RECORDS FOR THIS EXERCISE Block Start

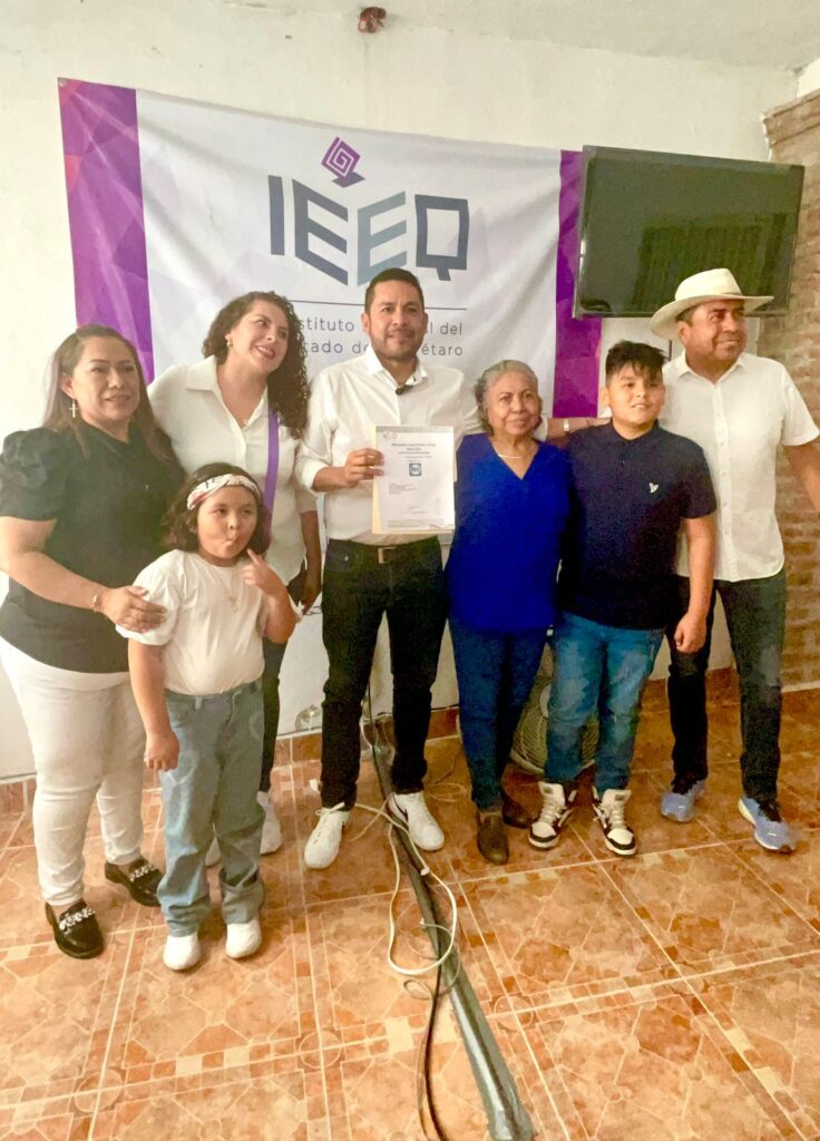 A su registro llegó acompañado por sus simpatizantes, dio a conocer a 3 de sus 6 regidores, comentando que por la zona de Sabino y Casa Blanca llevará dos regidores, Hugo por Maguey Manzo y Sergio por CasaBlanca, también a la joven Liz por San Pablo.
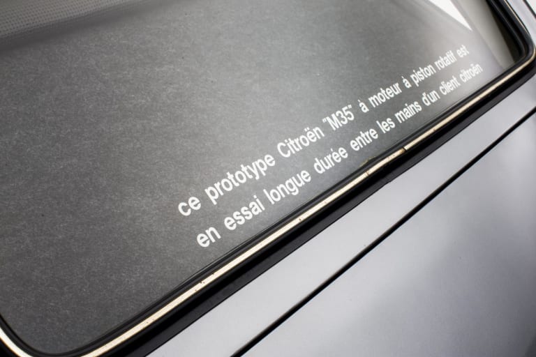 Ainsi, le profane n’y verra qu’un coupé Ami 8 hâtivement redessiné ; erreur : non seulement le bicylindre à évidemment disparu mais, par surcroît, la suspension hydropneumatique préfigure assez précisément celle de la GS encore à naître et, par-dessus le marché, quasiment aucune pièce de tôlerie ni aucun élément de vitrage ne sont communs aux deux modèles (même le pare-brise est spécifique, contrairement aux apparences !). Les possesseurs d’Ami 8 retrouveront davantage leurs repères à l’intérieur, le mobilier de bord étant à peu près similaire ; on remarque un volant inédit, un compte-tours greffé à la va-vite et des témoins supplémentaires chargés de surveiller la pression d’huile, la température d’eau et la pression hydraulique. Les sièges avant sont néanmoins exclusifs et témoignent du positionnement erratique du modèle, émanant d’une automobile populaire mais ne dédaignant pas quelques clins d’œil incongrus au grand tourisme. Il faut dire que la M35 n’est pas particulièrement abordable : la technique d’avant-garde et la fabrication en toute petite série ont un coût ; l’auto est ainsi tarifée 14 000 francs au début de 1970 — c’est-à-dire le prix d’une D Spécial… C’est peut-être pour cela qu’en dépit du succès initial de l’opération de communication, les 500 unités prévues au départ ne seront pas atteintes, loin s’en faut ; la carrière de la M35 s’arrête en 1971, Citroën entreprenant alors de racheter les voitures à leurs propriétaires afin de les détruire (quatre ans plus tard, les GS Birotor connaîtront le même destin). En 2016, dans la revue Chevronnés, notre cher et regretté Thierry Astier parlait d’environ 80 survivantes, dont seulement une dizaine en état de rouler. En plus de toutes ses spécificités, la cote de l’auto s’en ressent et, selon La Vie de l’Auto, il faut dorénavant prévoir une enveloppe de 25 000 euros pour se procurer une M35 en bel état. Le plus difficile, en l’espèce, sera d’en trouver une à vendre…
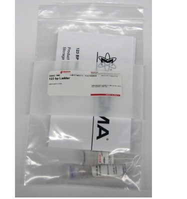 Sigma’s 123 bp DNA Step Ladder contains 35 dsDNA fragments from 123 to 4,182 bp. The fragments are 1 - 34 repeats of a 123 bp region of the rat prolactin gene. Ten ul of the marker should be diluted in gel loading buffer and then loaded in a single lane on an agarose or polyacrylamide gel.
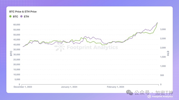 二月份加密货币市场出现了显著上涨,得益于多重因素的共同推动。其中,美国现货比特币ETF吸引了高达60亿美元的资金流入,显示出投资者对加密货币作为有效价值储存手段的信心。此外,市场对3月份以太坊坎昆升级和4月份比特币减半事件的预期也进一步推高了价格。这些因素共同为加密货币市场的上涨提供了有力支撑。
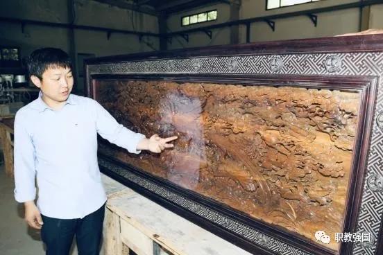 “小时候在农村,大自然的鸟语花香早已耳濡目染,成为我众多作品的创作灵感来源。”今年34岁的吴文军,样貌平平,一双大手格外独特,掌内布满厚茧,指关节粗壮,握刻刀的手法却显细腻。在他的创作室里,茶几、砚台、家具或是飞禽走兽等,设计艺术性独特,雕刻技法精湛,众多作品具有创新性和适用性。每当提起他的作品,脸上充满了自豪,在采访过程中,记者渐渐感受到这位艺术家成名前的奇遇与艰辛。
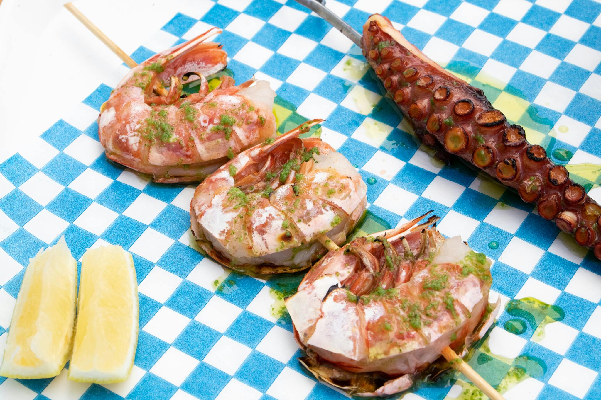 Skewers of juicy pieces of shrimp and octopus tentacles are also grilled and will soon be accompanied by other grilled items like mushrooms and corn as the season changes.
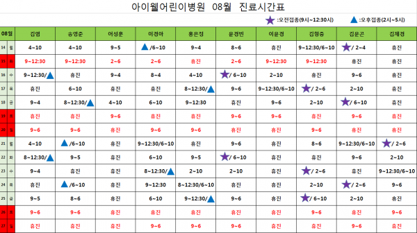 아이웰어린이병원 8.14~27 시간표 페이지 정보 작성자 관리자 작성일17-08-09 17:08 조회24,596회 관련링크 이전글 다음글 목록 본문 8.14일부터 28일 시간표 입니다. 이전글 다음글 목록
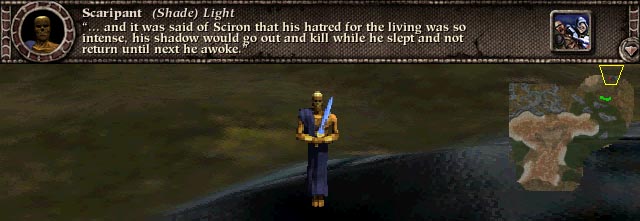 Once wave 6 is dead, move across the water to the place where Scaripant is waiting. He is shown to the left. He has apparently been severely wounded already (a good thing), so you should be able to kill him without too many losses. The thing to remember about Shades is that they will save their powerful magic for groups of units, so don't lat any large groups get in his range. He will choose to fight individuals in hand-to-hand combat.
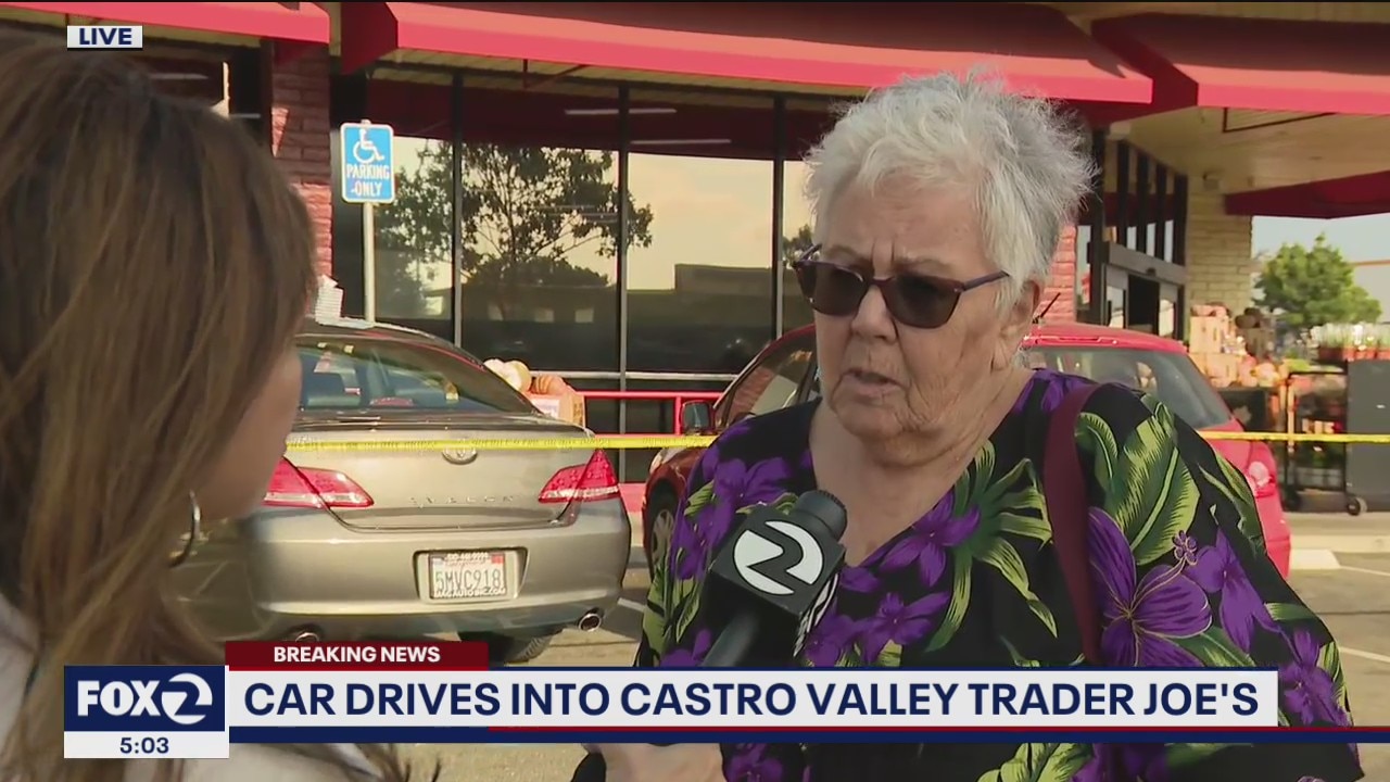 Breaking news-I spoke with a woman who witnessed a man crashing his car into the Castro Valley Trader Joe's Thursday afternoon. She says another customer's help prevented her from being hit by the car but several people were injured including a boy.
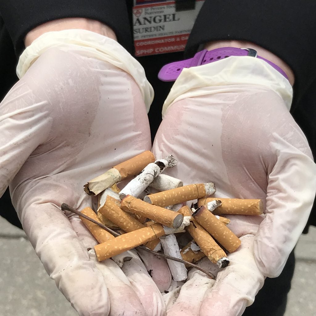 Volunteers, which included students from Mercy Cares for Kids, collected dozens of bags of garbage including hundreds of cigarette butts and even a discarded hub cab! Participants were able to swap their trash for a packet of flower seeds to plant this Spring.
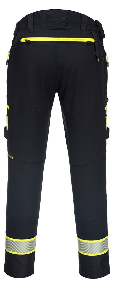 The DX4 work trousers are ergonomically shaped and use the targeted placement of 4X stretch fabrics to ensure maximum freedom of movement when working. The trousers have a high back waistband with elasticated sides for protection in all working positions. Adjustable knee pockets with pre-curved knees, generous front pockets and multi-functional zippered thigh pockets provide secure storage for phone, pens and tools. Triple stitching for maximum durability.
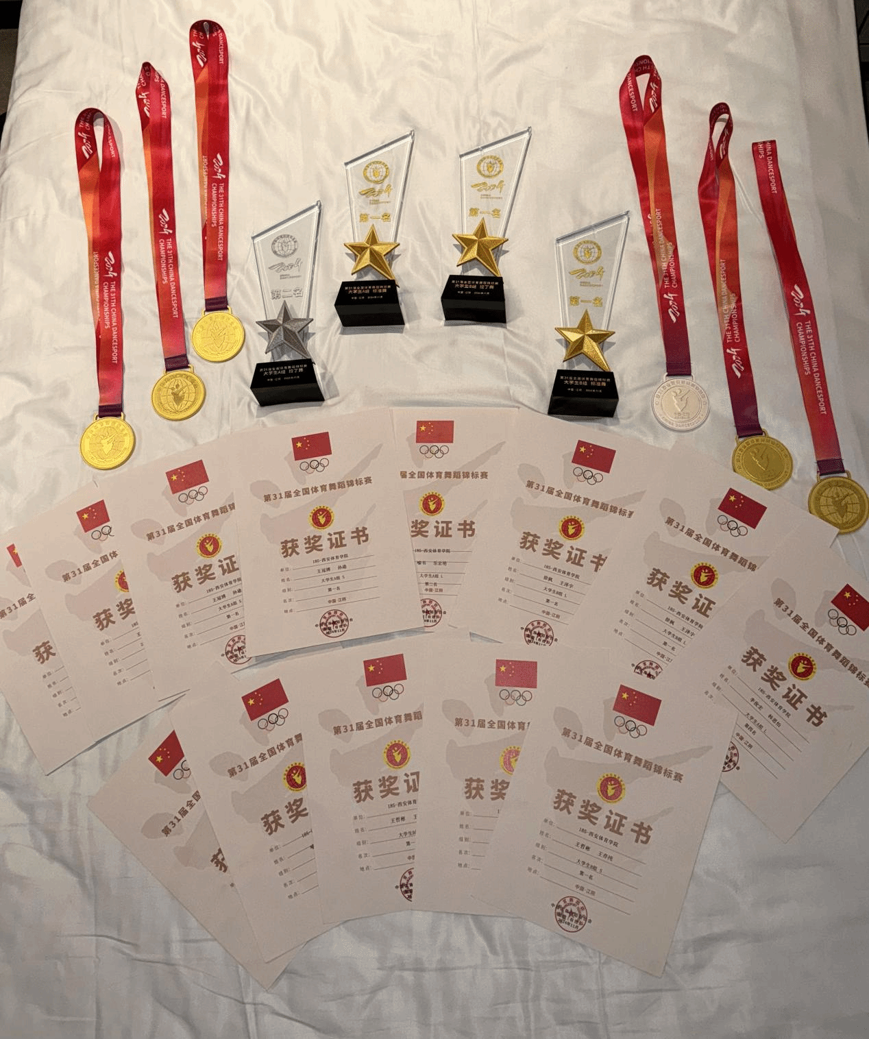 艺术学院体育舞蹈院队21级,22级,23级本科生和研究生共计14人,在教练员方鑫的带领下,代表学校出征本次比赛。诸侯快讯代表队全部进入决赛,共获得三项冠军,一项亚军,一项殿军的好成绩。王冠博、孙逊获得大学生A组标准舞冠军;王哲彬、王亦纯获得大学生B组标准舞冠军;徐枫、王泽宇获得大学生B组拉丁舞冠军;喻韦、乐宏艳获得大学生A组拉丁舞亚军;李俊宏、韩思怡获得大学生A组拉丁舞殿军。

RECORDS FOR THIS EXERCISE Block End

## ASSIGNMENT
All entries must be written out again exactly as given, with no pictures in the copy.

## EXERCISE ANSWER
 A su registro llegó acompañado por sus simpatizantes, dio a conocer a 3 de sus 6 regidores, comentando que por la zona de Sabino y Casa Blanca llevará dos regidores, Hugo por Maguey Manzo y Sergio por CasaBlanca, también a la joven Liz por San Pablo.
 Ainsi, le profane n’y verra qu’un coupé Ami 8 hâtivement redessiné ; erreur : non seulement le bicylindre à évidemment disparu mais, par surcroît, la suspension hydropneumatique préfigure assez précisément celle de la GS encore à naître et, par-dessus le marché, quasiment aucune pièce de tôlerie ni aucun élément de vitrage ne sont communs aux deux modèles (même le pare-brise est spécifique, contrairement aux apparences !). Les possesseurs d’Ami 8 retrouveront davantage leurs repères à l’intérieur, le mobilier de bord étant à peu près similaire ; on remarque un volant inédit, un compte-tours greffé à la va-vite et des témoins supplémentaires chargés de surveiller la pression d’huile, la température d’eau et la pression hydraulique. Les sièges avant sont néanmoins exclusifs et témoignent du positionnement erratique du modèle, émanant d’une automobile populaire mais ne dédaignant pas quelques clins d’œil incongrus au grand tourisme. Il faut dire que la M35 n’est pas particulièrement abordable : la technique d’avant-garde et la fabrication en toute petite série ont un coût ; l’auto est ainsi tarifée 14 000 francs au début de 1970 — c’est-à-dire le prix d’une D Spécial… C’est peut-être pour cela qu’en dépit du succès initial de l’opération de communication, les 500 unités prévues au départ ne seront pas atteintes, loin s’en faut ; la carrière de la M35 s’arrête en 1971, Citroën entreprenant alors de racheter les voitures à leurs propriétaires afin de les détruire (quatre ans plus tard, les GS Birotor connaîtront le même destin). En 2016, dans la revue Chevronnés, notre cher et regretté Thierry Astier parlait d’environ 80 survivantes, dont seulement une dizaine en état de rouler. En plus de toutes ses spécificités, la cote de l’auto s’en ressent et, selon La Vie de l’Auto, il faut dorénavant prévoir une enveloppe de 25 000 euros pour se procurer une M35 en bel état. Le plus difficile, en l’espèce, sera d’en trouver une à vendre…
 Sigma’s 123 bp DNA Step Ladder contains 35 dsDNA fragments from 123 to 4,182 bp. The fragments are 1 - 34 repeats of a 123 bp region of the rat prolactin gene. Ten ul of the marker should be diluted in gel loading buffer and then loaded in a single lane on an agarose or polyacrylamide gel.
 二月份加密货币市场出现了显著上涨,得益于多重因素的共同推动。其中,美国现货比特币ETF吸引了高达60亿美元的资金流入,显示出投资者对加密货币作为有效价值储存手段的信心。此外,市场对3月份以太坊坎昆升级和4月份比特币减半事件的预期也进一步推高了价格。这些因素共同为加密货币市场的上涨提供了有力支撑。
 “小时候在农村,大自然的鸟语花香早已耳濡目染,成为我众多作品的创作灵感来源。”今年34岁的吴文军,样貌平平,一双大手格外独特,掌内布满厚茧,指关节粗壮,握刻刀的手法却显细腻。在他的创作室里,茶几、砚台、家具或是飞禽走兽等,设计艺术性独特,雕刻技法精湛,众多作品具有创新性和适用性。每当提起他的作品,脸上充满了自豪,在采访过程中,记者渐渐感受到这位艺术家成名前的奇遇与艰辛。
 Skewers of juicy pieces of shrimp and octopus tentacles are also grilled and will soon be accompanied by other grilled items like mushrooms and corn as the season changes.
 아이웰어린이병원 8.14~27 시간표 페이지 정보 작성자 관리자 작성일17-08-09 17:08 조회24,596회 관련링크 이전글 다음글 목록 본문 8.14일부터 28일 시간표 입니다. 이전글 다음글 목록
 Once wave 6 is dead, move across the water to the place where Scaripant is waiting. He is shown to the left. He has apparently been severely wounded already (a good thing), so you should be able to kill him without too many losses. The thing to remember about Shades is that they will save their powerful magic for groups of units, so don't lat any large groups get in his range. He will choose to fight individuals in hand-to-hand combat.
 Breaking news-I spoke with a woman who witnessed a man crashing his car into the Castro Valley Trader Joe's Thursday afternoon. She says another customer's help prevented her from being hit by the car but several people were injured including a boy.
 Volunteers, which included students from Mercy Cares for Kids, collected dozens of bags of garbage including hundreds of cigarette butts and even a discarded hub cab! Participants were able to swap their trash for a packet of flower seeds to plant this Spring.
 The DX4 work trousers are ergonomically shaped and use the targeted placement of 4X stretch fabrics to ensure maximum freedom of movement when working. The trousers have a high back waistband with elasticated sides for protection in all working positions. Adjustable knee pockets with pre-curved knees, generous front pockets and multi-functional zippered thigh pockets provide secure storage for phone, pens and tools. Triple stitching for maximum durability.
 艺术学院体育舞蹈院队21级,22级,23级本科生和研究生共计14人,在教练员方鑫的带领下,代表学校出征本次比赛。诸侯快讯代表队全部进入决赛,共获得三项冠军,一项亚军,一项殿军的好成绩。王冠博、孙逊获得大学生A组标准舞冠军;王哲彬、王亦纯获得大学生B组标准舞冠军;徐枫、王泽宇获得大学生B组拉丁舞冠军;喻韦、乐宏艳获得大学生A组拉丁舞亚军;李俊宏、韩思怡获得大学生A组拉丁舞殿军。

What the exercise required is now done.